- Developer: Konami
- Publisher: Konami
- Composers: Miki Higashino Yoshinori Sasaki
- Series: Knightmare
- Platforms: MSX, Mobile phone
- Release: MSXJP: March 29, 1986; EU: 1986; Mobile phoneJP: January 8, 2003;
- Genre: Vertically scrolling shooter
- Mode: Single-player

= Knightmare (1986 video game) =

1986 video game

Knightmare (Note: Known as Majou Densetsu (魔城伝説, Majō Densetsu) in Japanese.) is a 1986 vertically scrolling shooter video game developed and published by Konami for the MSX home computer. It was included in compilations for the MSX, PlayStation and Sega Saturn, followed by a port for mobile phones, and digital re-releases for the Virtual Console and Microsoft Windows via Project EGG. It is the first entry in the Knightmare trilogy. The game stars Popolon, a warrior who embarks on a quest to rescue Princess Aphrodite from the evil priest Hudnos. The player must fight waves of enemies while avoiding collision with their projectiles and obstacles along the way, and facing against bosses.

Knightmare was created by the MSX division at Konami under management of Shigeru Fukutake. The character of Popolon was conceived by a staffer who later became the project's lead designer and writer, as the process of making original titles for the platform revolved around the person who came up with the characters. Development proceeded with a team of four or five members, lasting somewhere between four and six months. The music was scored by Miki Higashino, best known for her work in the Gradius and Suikoden series, and Yoshinori Sasaki.

Knightmare garnered generally positive reception from critics and retrospective commentators. It was followed by The Maze of Galious, while Popolon and Aphrodite would later make appearances outside of the trilogy in other Konami titles. In the years since, fans have experimented with remaking and porting the title unofficially to other platforms.

== Gameplay ==

Gameplay screenshot of the MSX version

Knightmare is a vertical-scrolling shoot 'em up game starring Popolon, a warrior who embarks on a quest to rescue the princess Aphrodite from the evil priest Hudnos.
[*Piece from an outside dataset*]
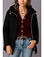Dam Fleece-jacka Sherpajacka Bekväm Andningsfunktion Dragkedja Ficka Ledigt Slät Semester Gata Ledigt Dagliga kläder Dragkedja Normal Huva Normal Långärmad Ytterkläder Svart Vin Kungsblå Vår Höst
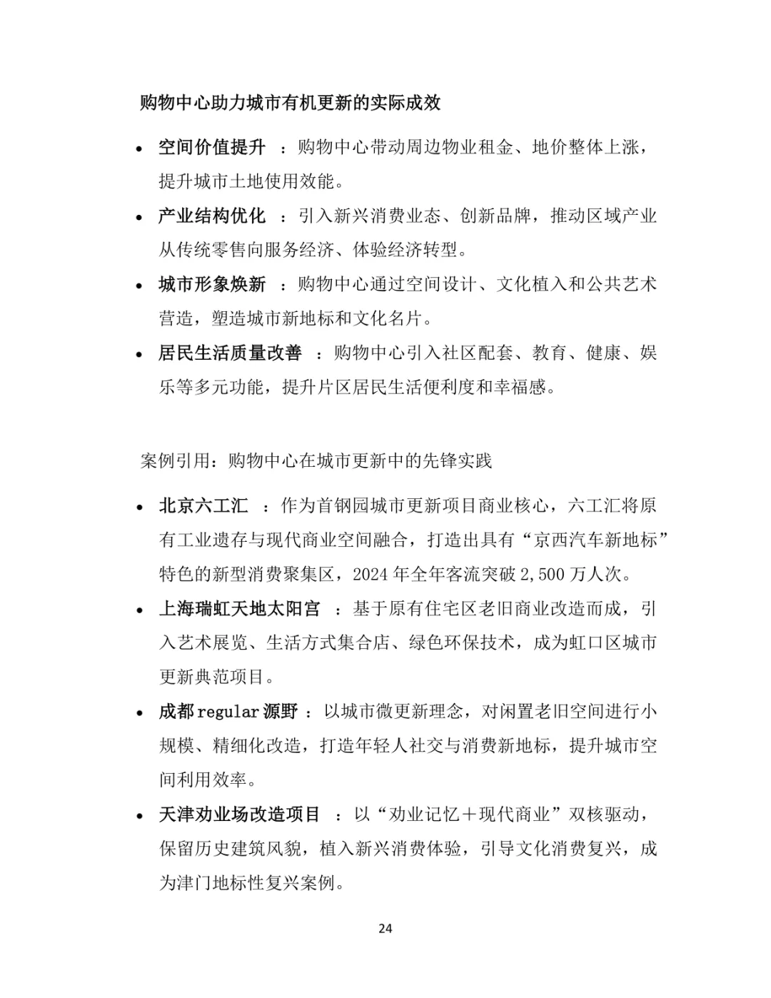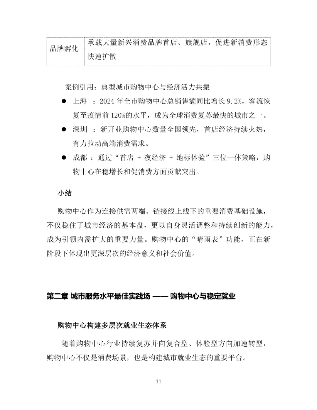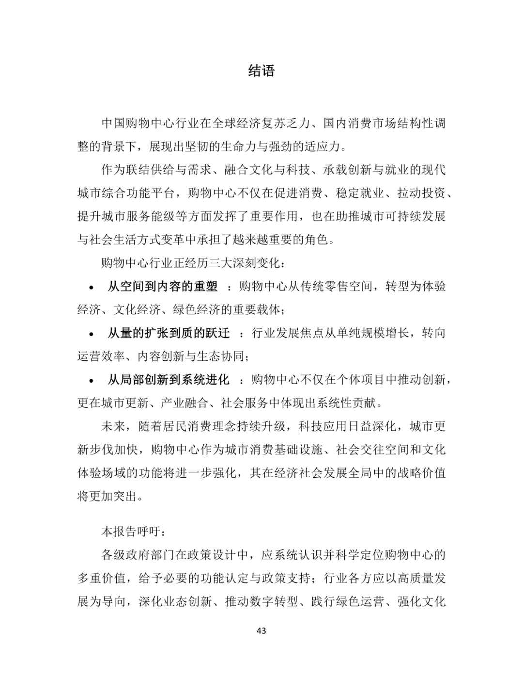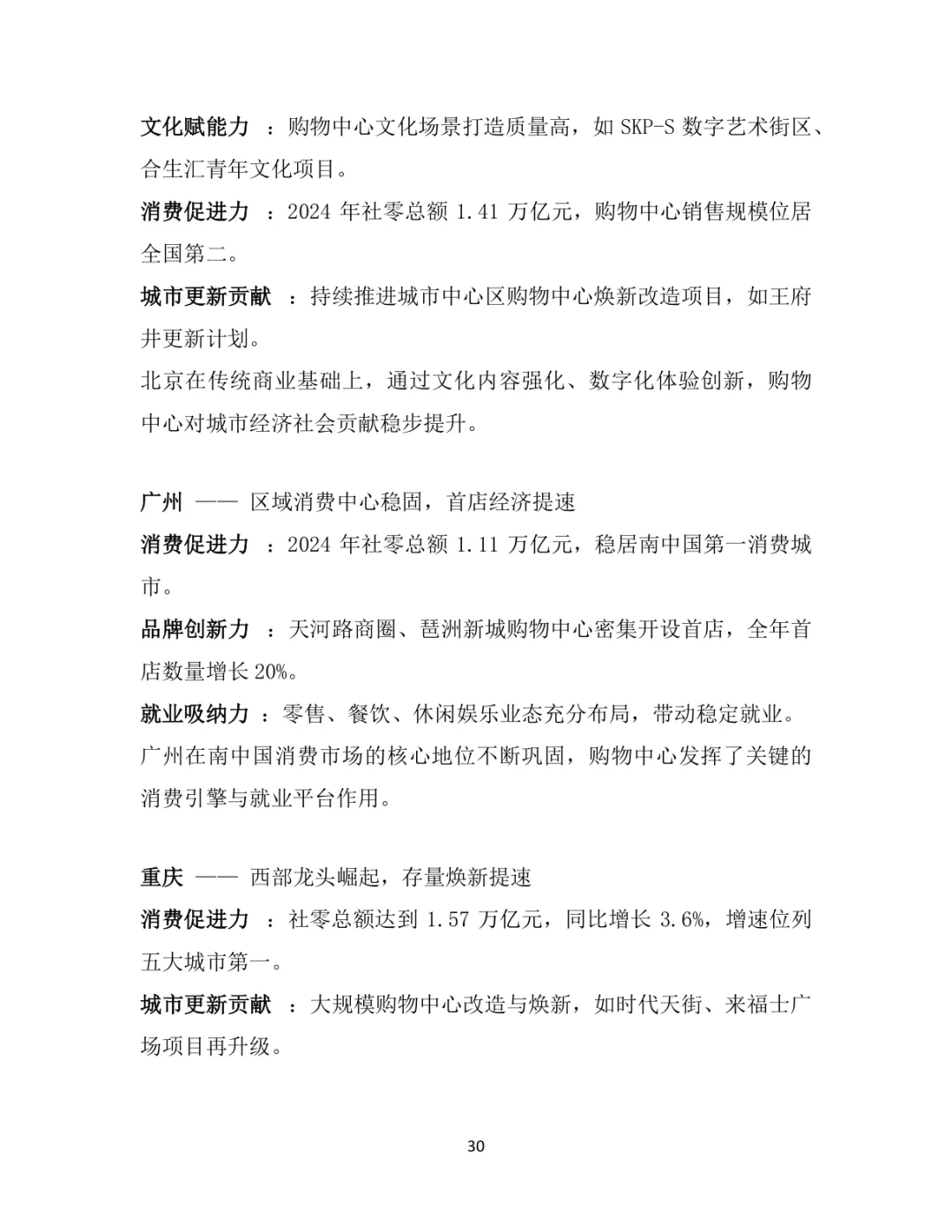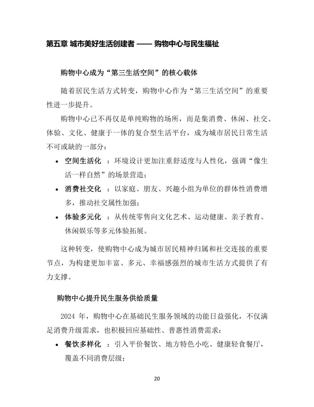 导读:报告聚焦中国购物中心的多元价值,基于全国 7000 余个 3 万平方米以上项目样本,系统呈现其对经济社会的综合贡献。2024 年,全国购物中心营业额达 4.2 万亿元,占社会消费品零售总额 8.6%,直接提供就业岗位 1180 万个,衍生岗位超 2000 万个,日均客流超 1.33 亿人次,成为稳定内需与就业的核心支柱。购物中心功能持续升级,从零售终端转型为 “第三生活空间”。超 320 个项目引入文化艺术空间,首店数量增长 12.7%,20% 存量项目通过绿色改造焕新,数字化与绿色低碳转型成效显著。在城市更新中,购物中心通过存量改造、片区赋能等模式,激活老旧城区活力,重塑城市空间价值。五大国际消费中心城市中,上海以 93.5 分位居贡献力指数榜首,深圳、北京紧随其后。报告提出应明确购物中心消费基础设施定位,优化土地、金融、税收政策,推动行业从规模扩张向质量提升转型,持续释放其在消费促进、文化传播、民生保障等领域的综合价值。

The player controls Popolon through eight increasingly difficult stages across a Greek-esque fantasy setting, populated with an assortment of enemies and obstacles, over a constantly scrolling background that never stops moving until a boss is reached, which must be fought in order to progress further. The player must also avoid or take out enemy formations to gain bonus points, and reveal hidden bridges to cross rivers by shooting at it.

Popolon is equipped with a bow and arrows as the main weapon, which can be upgraded or changed by collecting a flashing weapon crystal. Picking up a new weapon grants its initial state and can be upgraded by picking the same weapon twice in a row. Popolon can also obtain temporary power-ups via power crystals branded with a "P" icon that initially appears colored black. These can be cycled through other weapons and power-ups by firing at them, ranging from boomerangs, three-way shots, swords, speed increasers, temporary invincibility and a shield to withstand enemy projectiles. If grabbed in their initial state, these crystals grant extra bonus points instead.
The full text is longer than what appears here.